Platforms that intermediaries depend on can decide to serve customers directly, capturing the margin the intermediary previously earned through a structural threat that intensifies as the platform accumulates the data and relationships needed to bypass its own participants.
How platforms that intermediaries depend on can become their most dangerous competitors by using the data and relationships flowing through the platform to serve customers directly.
Introduction
A retailer builds a successful business selling products through an e-commerce platform. The platform provides the customer traffic, the payment processing, the logistics infrastructure, and the search placement that the retailer depends on for the majority of its sales. The retailer grows, and the platform observes — which products sell best, at what prices, to which customers, with what margins.
The platform then launches its own competing products in the retailer's most profitable categories, using the data it gathered from hosting the retailer's transactions to optimize its own offering. The retailer that built its business on the platform now competes against the platform itself — with the platform possessing superior data, superior placement, and control over the infrastructure the retailer cannot abandon.
This is platform disintermediation — the structural risk that arises when a business depends on a platform that has both the capability and the incentive to replace the intermediary's function. The risk is inherent in the platform relationship: the same data flows, customer relationships, and infrastructure access that make the platform valuable to the intermediary also provide the platform with the information and capability to serve the intermediary's customers directly. The intermediary adds value to the platform in the short term while providing the platform with the intelligence to eliminate the intermediary in the long term.
Understanding platform disintermediation risk structurally means examining when and why platforms choose to disintermediate their partners, what determines which intermediaries are most vulnerable, and how businesses can protect themselves from the structural threat of platform competition.
Core Concept
The disintermediation dynamic is driven by the platform's access to transaction data. Every transaction that flows through a platform generates data about what customers want, how much they pay, how frequently they purchase, and which intermediaries serve them most profitably. This data — a byproduct of the platform's intermediation function — provides the intelligence the platform needs to identify the most attractive market segments and develop direct offerings. The platform's decision to disintermediate is rational: it captures the intermediary's margin on the most profitable transactions while retaining the intermediary's participation on less profitable ones.
The vulnerability of specific intermediaries to disintermediation depends on the replaceability of their value-add. Intermediaries whose contribution is primarily logistics — moving product from manufacturer to customer — are highly vulnerable because logistics is a scalable commodity that platforms can replicate or replace. Intermediaries whose contribution is specialized expertise — selecting products, providing advice, offering customization, or curating for specific customer needs — are less vulnerable because expertise is harder for the platform to replicate at scale.

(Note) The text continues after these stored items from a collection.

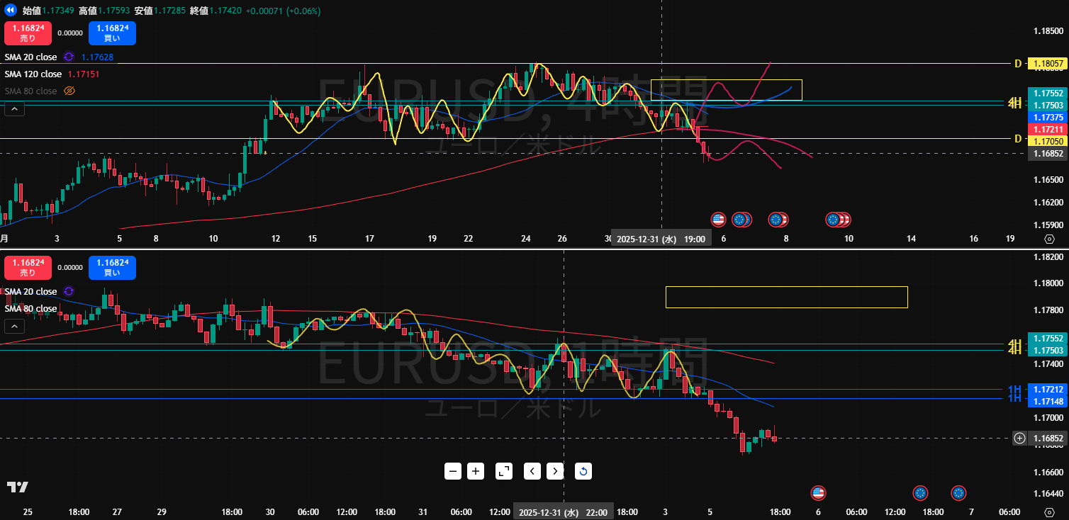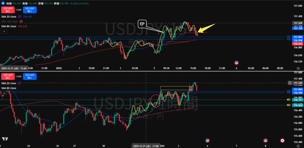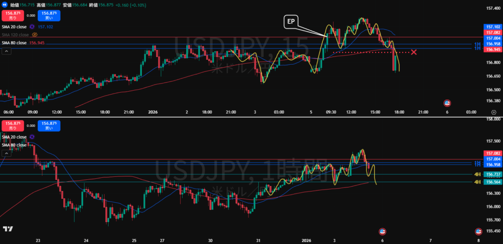 ・4H下降トレンド中だけど、日足のMAと4HのMAに挟まれて戦争中なので、しっかりと上か下に抜けるまで手が出ない。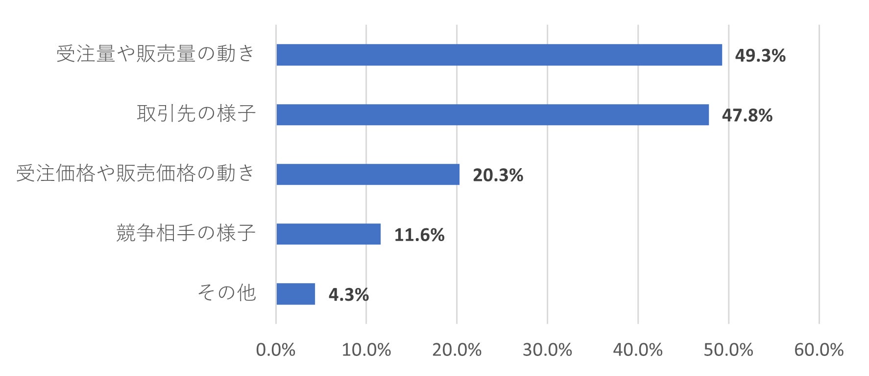 身の回りの景気が「良くなっている」「やや良くなっている」と答えた人にその理由を聞いたところ、「受注量や販売量の動き」が49.3%、「取引先の様子」が47.8%、「受注価格や販売価格の動き」が20.3%、「競争相手の様子」が11.6%、その他が4.3%という結果だった。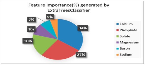 From Figure 5, calcium, magnesium, sodium, phosphates, boron and sulfate were chosen as the top 6 predictors for analysis as they had feature importance over 200. XGBoost was used as it uses Gini Impurity to rank features in order of their importance using an ensemble of decision trees, thus making it a robust approach for feature selection. The rest of the predictors were comparatively less important in our resulting analysis, due to which, it was decided to eliminate them before proceeding with the application of ExtraTreesClassifier for selection of the top three predictors which were regulated at regular intervals using an IoT based set-up.

The strength of the intermediary's non-logistical value-add determines the durability of its position against platform encroachment.
The platform's incentive to disintermediate is strongest when the intermediary serves large, homogeneous market segments with standardized needs. Serving a million customers who want the same product is operationally straightforward for a platform. Serving a thousand customers who each need customized solutions is operationally complex and may not justify the platform's investment. The intermediary's safety lies in the complexity and heterogeneity of its customer base — the more customized, specialized, and relationship-dependent the service, the less attractive it is for platform self-service replacement.
The asymmetry of the platform relationship creates the structural vulnerability. The intermediary depends on the platform for customer access, infrastructure, and visibility — dependencies that are difficult and costly to replicate independently. The platform does not depend on any individual intermediary — it can replace one intermediary with another, or with its own operations, without significant disruption. This asymmetric dependency means the intermediary has limited bargaining power and limited ability to resist the platform's competitive encroachment.